424 5nach6_11.04.25_7 W ohne Panik 7 Ps 23
Unter der Überschrift der Fastenzeit „Luft holen – 7 Wochen ohne Panik“ heißt es für diese Woche „Ruhe finden“. Wie wichtig in dieser aufgeregten Zeit!
Der Bibeltext dazu beleuchtet genau dieses Wechselspiel von Aufgeregtheit und Ruhe:
35 Und am Abend desselben Tages sprach er zu ihnen: Lasst uns ans andre Ufer fahren. 36 Und sie ließen das Volk gehen und nahmen ihn mit, wie er im Boot war, und es waren noch andere Boote bei ihm. 37 Und es erhob sich ein großer Windwirbel, und die Wellen schlugen in das Boot, sodass das Boot schon voll wurde. 38 Und er war hinten im Boot und schlief auf einem Kissen.

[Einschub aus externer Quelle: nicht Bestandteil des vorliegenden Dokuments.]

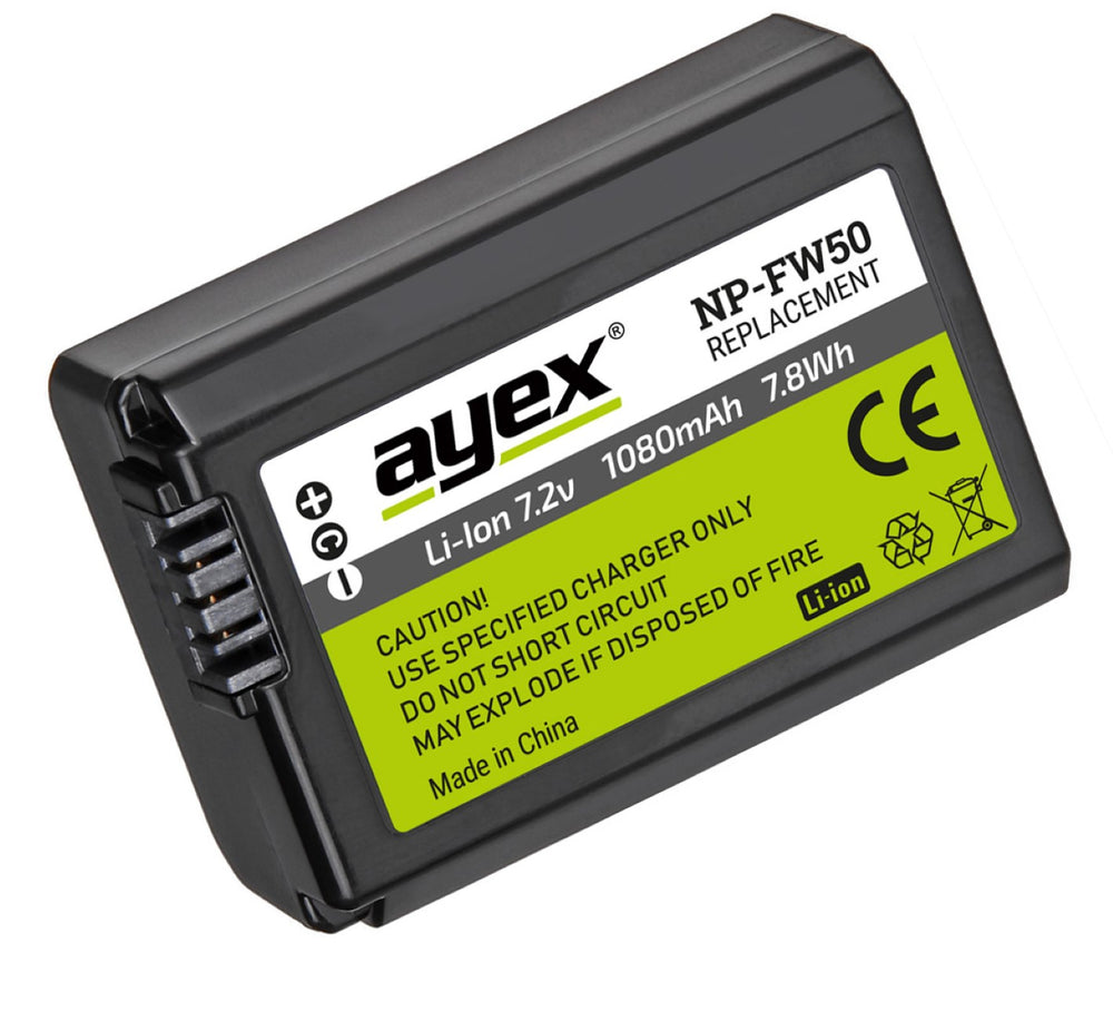 Der ayex NP-FW50 Akku verfügt über umfassende Sicherheitsmerkmale wie Schutz vor Kurzschluss, Überladung und Überhitzung. Diese Funktionen sorgen für einen sicheren Betrieb und tragen zur Langlebigkeit Ihrer Kamera und des Akkus bei.

Und sie weckten ihn auf und sprachen zu ihm: Meister, fragst du nichts danach, dass wir umkommen? 39 Und er stand auf und bedrohte den Wind und sprach zu dem Meer: Schweig! Verstumme! Und der Wind legte sich und es ward eine große Stille. 40 Und er sprach zu ihnen: Was seid ihr so furchtsam? Habt ihr noch keinen Glauben? (Mk 4, 35 – 40)
Bei Wundererzählungen ist ja die erste Frage immer: „Hat er oder hat er nicht? Ist das so gewesen?“ Dann wir daran Glaube festgemacht – und schon ist man in einer Sackgasse. Historisches und naturwissenschaftliches Denken treten in Konkurrenz oder Widerspruch zu der Frage, wie eine biblische Erzählung bei der Lebensbewältigung beitragen kann. Weiter führt die Frage: „Warum und für wen ist diese Erzählungen aufgeschrieben – und bis heute wirksam?“
In einem Kommentar zum NT ist zu lesen (vgl. K.Berger, Kommentar zum Neuen Testament, Gütersloh, 2011, S.130 u. 156f): Das Markus-Evangelium ist etwa 45 n.Chr. geschrieben worden. Der Verfasser war sicher kein Zeitzeuge Jesu. Er schrieb für Juden und andere Menschen, die sich für Person und Botschaft Jesu begeisterten. Ganz wichtig: In der Welt dieser frühen Christen/innen ging es auf gefährlichste Weise drunter und drüber – wie auf dem Boot. Sie mussten nämlich mit lebensbedrohlicher Verfolgung durch die fromme jüdische Elite und durch die römischen Besatzer rechnen.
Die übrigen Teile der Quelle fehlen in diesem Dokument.